(Records from a data source)
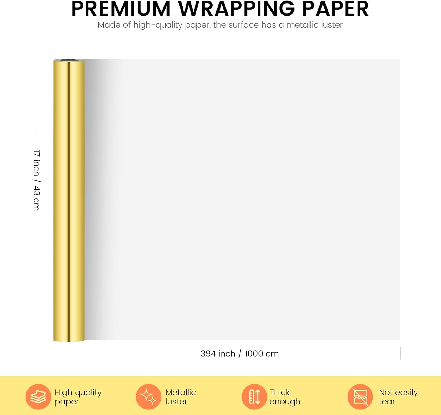 KMER LIFE Metallic Wrapping Roll (Gold) - 17 x 394 Inch, Premium Gift Wrapping for Birthday, Wedding, Christmas, Parties
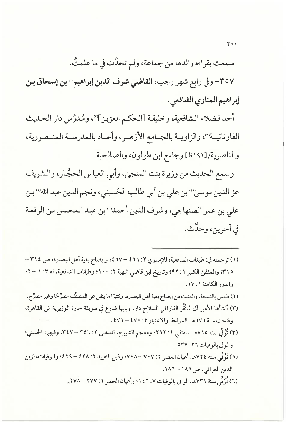 ٣٥٧ - وفي رابع شهر رجب، القاضي شرف الدين إبراهيم (¬١) بن إسحاق بن إبراهيم المناوي الشافعي.
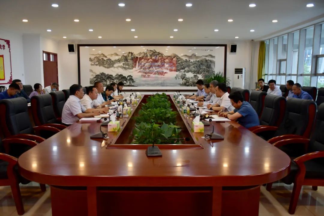 6月6日下午,我校在治学楼第一会议室召开2023年第四次党委理论学习中心组学习(扩大)会议,就学习贯彻习近平新时代中国特色社会主义思想主题教育进行专题学习研讨。省委第28巡回指导组组长李思殿等一行5人参会指导。校党委书记树学峰主持会议并作主题发言。全体在校领导出席会议,各职能部门临时负责人、各二级学院院长及党务临时负责人列席会议。
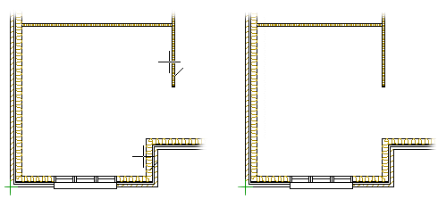 - Select a line or a point on the second wall (B). The walls are placed on the same line.
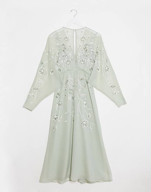 Asos Design Maternity Floral Embroidered Batwing Midi Dress In Mint Asos
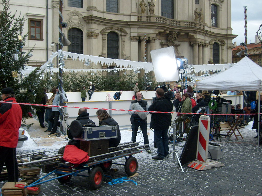 Едва мы завернули за угол какой-то улочки, как под ногами снова показался снег. Да какой крупный! Я даже удивился, снег сыпался как крупа, большими и твердыми шариками. Но, едва наступив на него, я начал смеяться, пражанам явно не хватало снега, это были ошметки от пенопласта. Оглядевшись, я увидел огромную толпу народа, с кинокамерами, несколько громадных трейлеров и, пробившись сквозь толпу зевак, увидел, что снимают какое-то кино. Люди на катке, как пластмассовые игрушки с картинными лицами катались по льду, изображая на своих личиках радость, чувак с огромным волосатым микрофоном пытался поймать текст. А пурга из искусственного снега, смешиваясь со снегом, придала настоящий зимний вид катку посреди улицы. Люди с серьезными лицами ходили вокруг катка, кто-то кричал в мегафон, суетились осветители, а за трейлером пара людишек, бомжеватого вида, воровато ели что-то из одноразовых боксов.
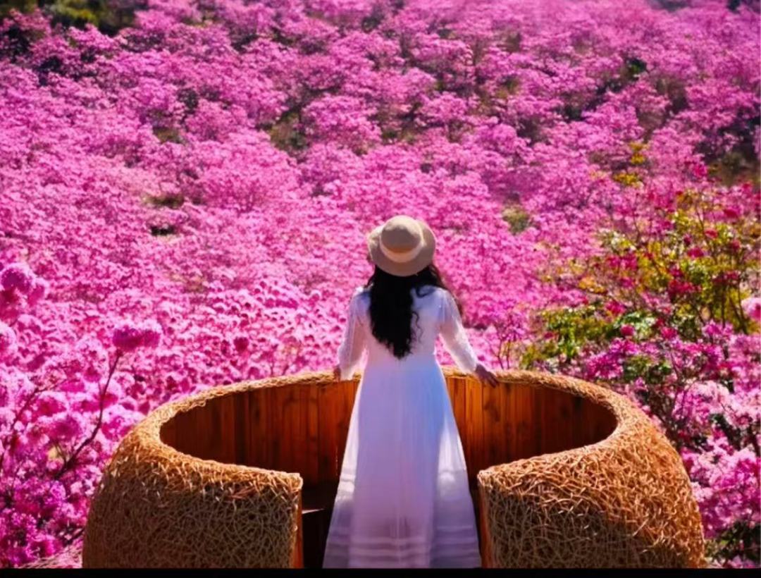 连绵起伏的山丘宛如铺上了粉紫色的锦毯,远远望去,像一片粉嫩海洋,蔚为壮观吸引游客咔嚓拍起来...
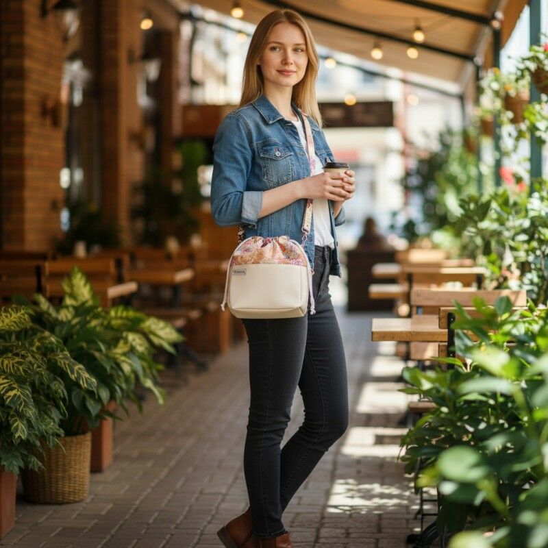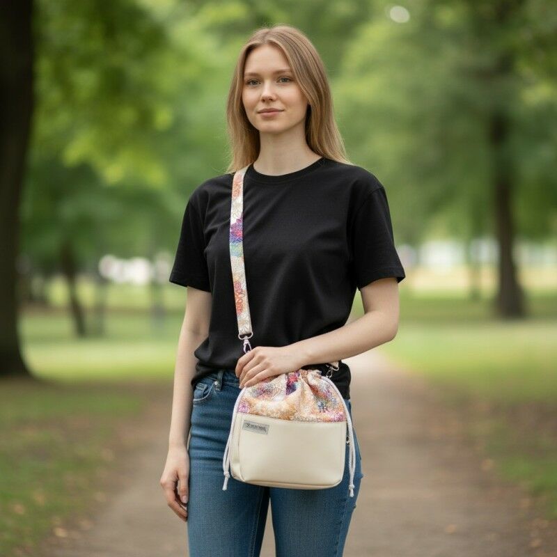 Torebka Sakiewka Kremowa z Motywem Mandali to propozycja dla kobiet ceniących delikatność, harmonię i wyjątkowe wzory. Idealna do stylizacji boho, romantycznych sukienek lub casualowych zestawów – przyciąga uwagę, ale pozostaje subtelna.
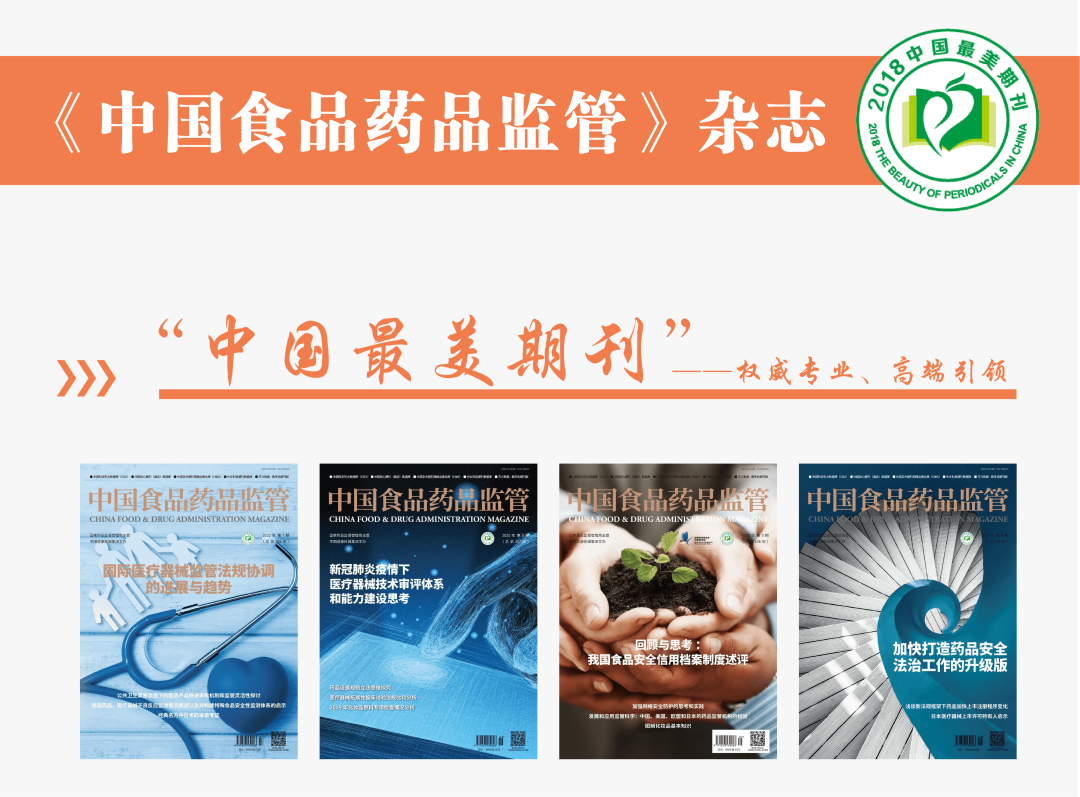 《中国食品药品监管》杂志作为国家药品监督管理局机关刊,创刊于1998年,目前是中国健康传媒集团主办的科学性、专业性核心期刊;是研究和宣传中国食品药品监管政策、建立科学监管理念、提高监管水平、服务我国食药产业健康发展的重要平台。
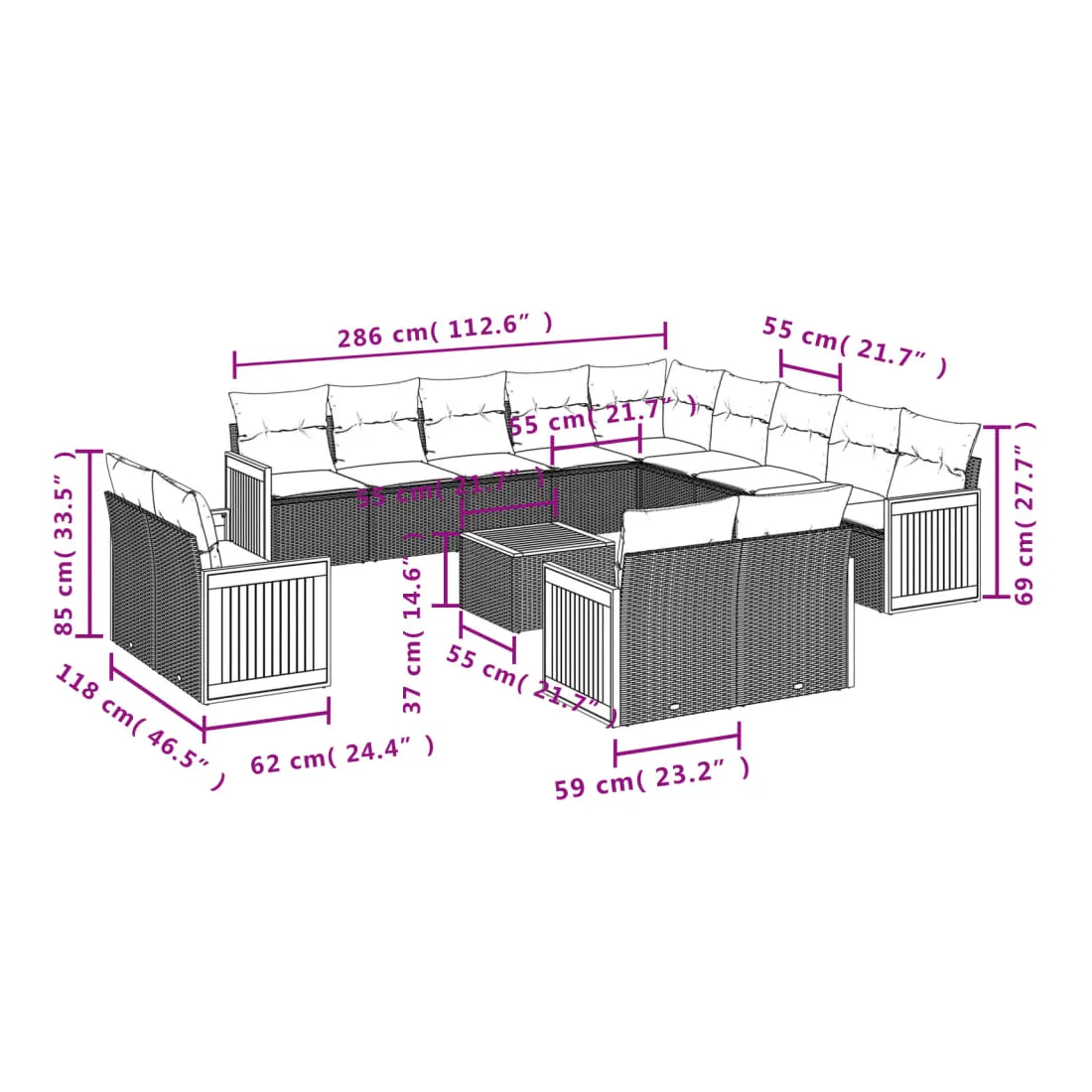 - Dimensions du coussin de dossier : 55 x 45 x 13 cm (L x l x é)
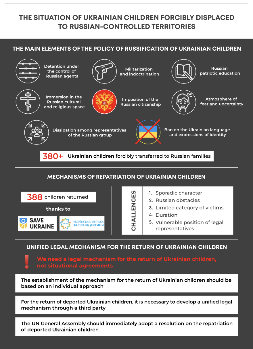 Ukrainian Government has identified 19,546 of those children; however, their whereabouts in Russia remain unknown. For now only near 388 minors were successfully returned.
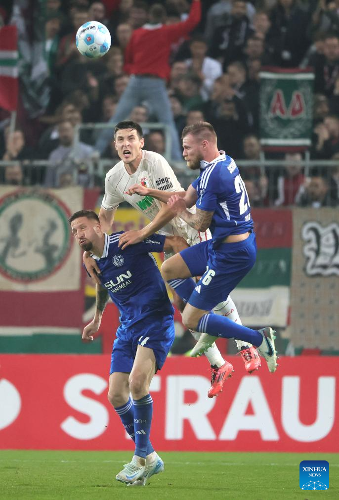 Keven Schlotterbeck (C) of FC Augsburg vies with Janik Bachmann (L) and Tomas Kalas (R) of FC Schalke 04 during the German Cup football match between FC Augsburg and FC Schalke 04 in Augsburg, Germany, Oct. 29, 2024. (Photo by Philippe Ruiz/Xinhua)
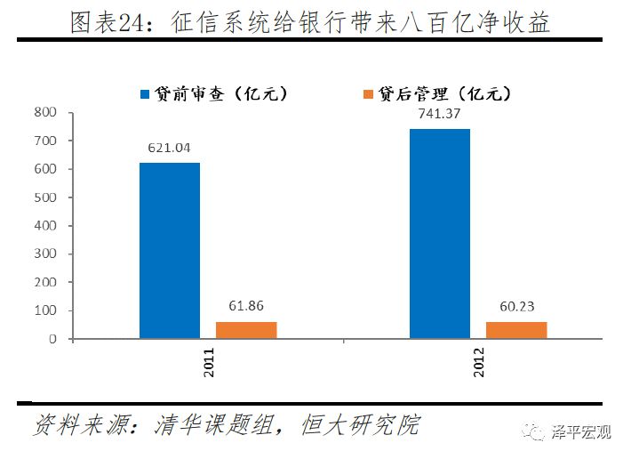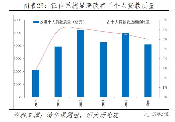 征信是依法收集、加工自然人及其他组织的信用信息,并对外提供信用报告、信用评估、信用信息咨询等服务。征信系统的建设对信用风险的防范和信用交易的扩大有着重要作用,从而提高整个经济的运行效率。早在2014年,清华课题组发布的报告中就曾测算,2012年征信系统改善了4986亿元的消费贷款质量,为银行带来801.6亿元的收益,拉动了约0.33%的GDP增长。
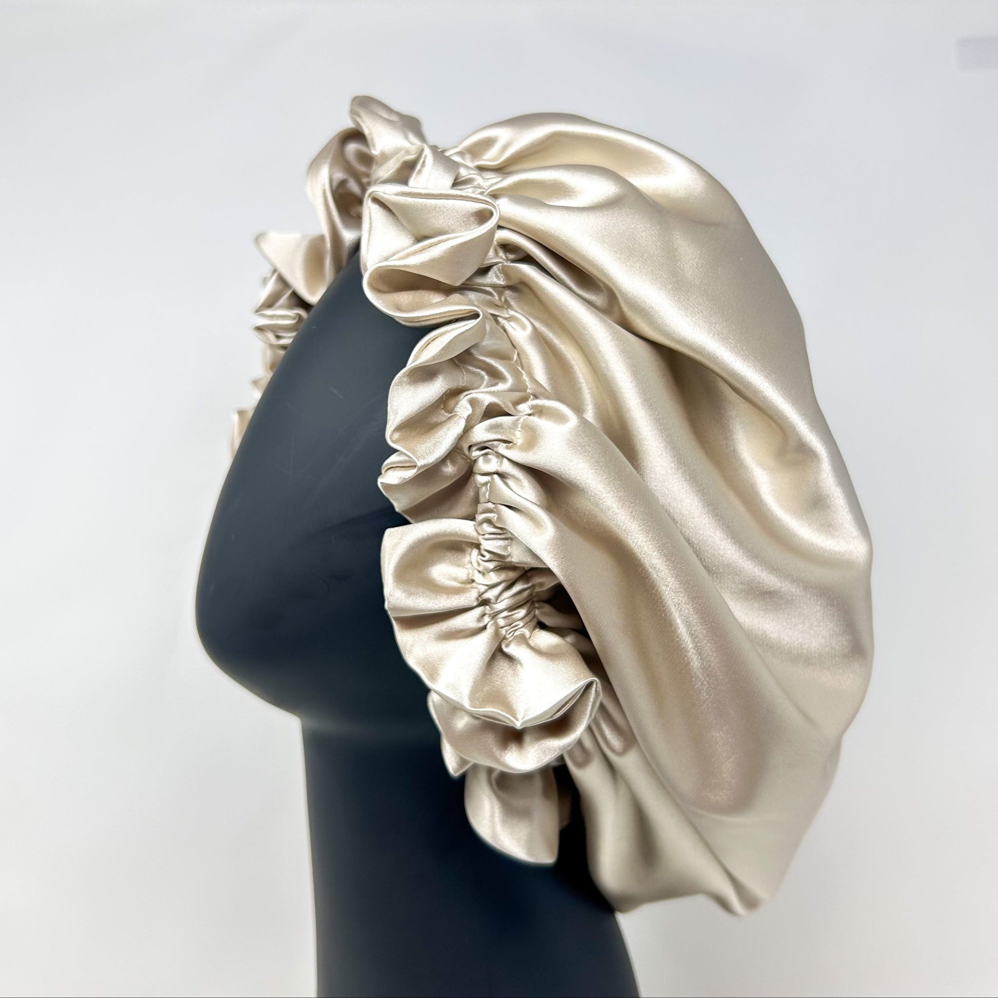 Elevate your nighttime hair routine with our handmade in Canada silk bonnet and wake up to silky, nourished, frizz-free hair every morning.
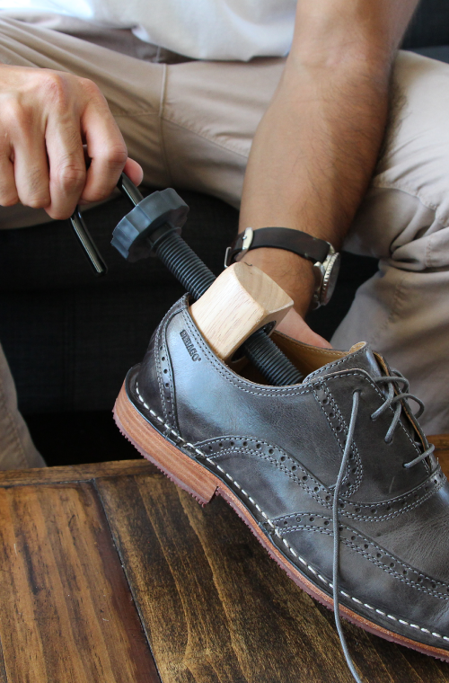 Made from solid rubber wood and a stretching mechanism that is reinforced with a steel-threaded rod, this shoe width and length stretcher is durable for almost any shoe.
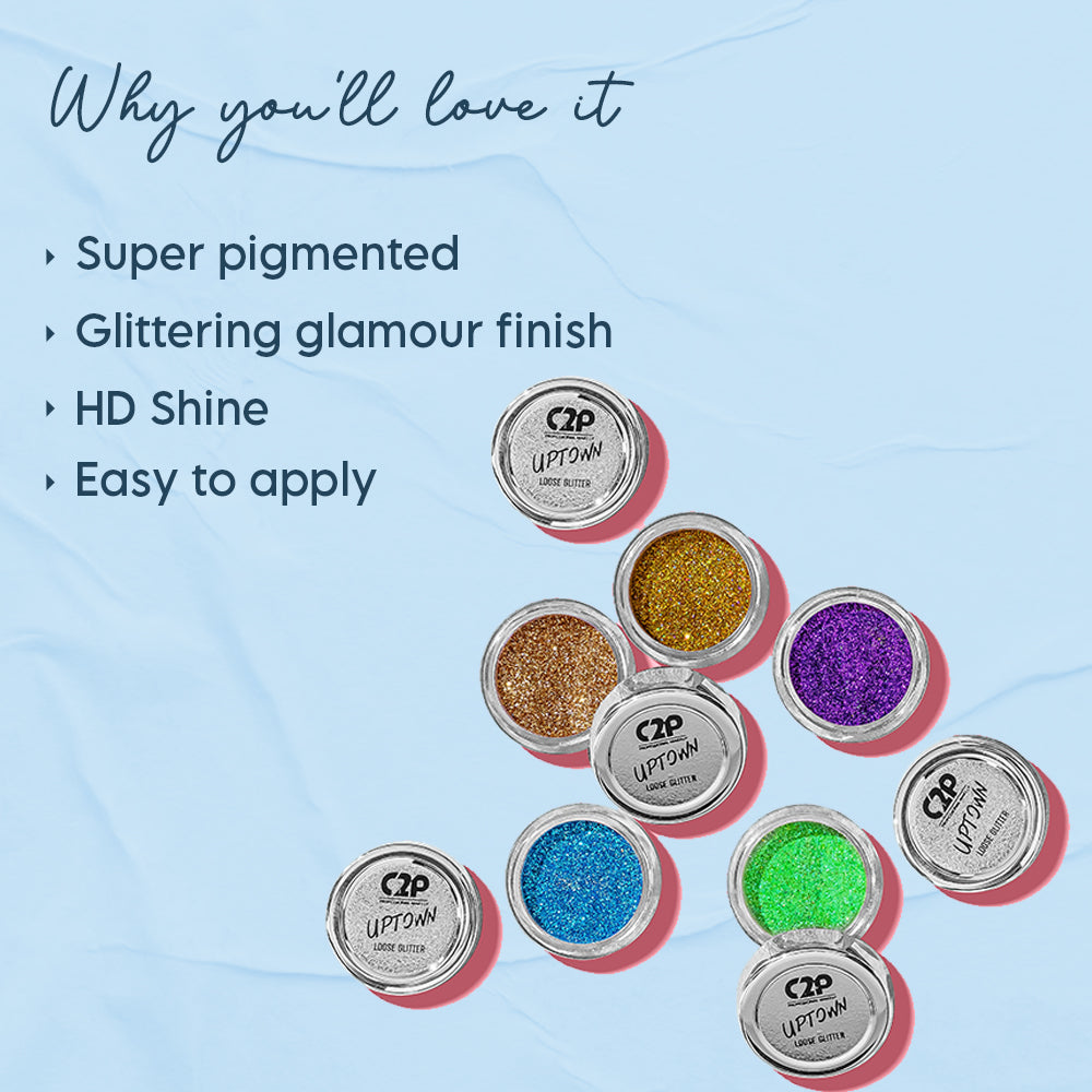 Don’t be afraid to sparkle! Shine on like the diva you are with the HD loose GLitters from C2P Pro. Make your eyes shine and your makeup pop with glamour, with loose sparkling eyeshadows that instantly add shine and depth to the eyes. These highly concentrated fine shimmer particles settle in place with the help of Glitter Glue to create a high definition shimmery metallic effect that could put the stars to shame!

PROBLEM DETAILS:
Nothing but an exact copy belongs in the answer: the lines from the top of the records through the line containing "Asos Design Maternity", minus the pictures.

COMPLETED EXERCISE:
 KMER LIFE Metallic Wrapping Roll (Gold) - 17 x 394 Inch, Premium Gift Wrapping for Birthday, Wedding, Christmas, Parties
 ٣٥٧ - وفي رابع شهر رجب، القاضي شرف الدين إبراهيم (¬١) بن إسحاق بن إبراهيم المناوي الشافعي.
 6月6日下午,我校在治学楼第一会议室召开2023年第四次党委理论学习中心组学习(扩大)会议,就学习贯彻习近平新时代中国特色社会主义思想主题教育进行专题学习研讨。省委第28巡回指导组组长李思殿等一行5人参会指导。校党委书记树学峰主持会议并作主题发言。全体在校领导出席会议,各职能部门临时负责人、各二级学院院长及党务临时负责人列席会议。
 - Select a line or a point on the second wall (B). The walls are placed on the same line.
 Asos Design Maternity Floral Embroidered Batwing Midi Dress In Mint Asos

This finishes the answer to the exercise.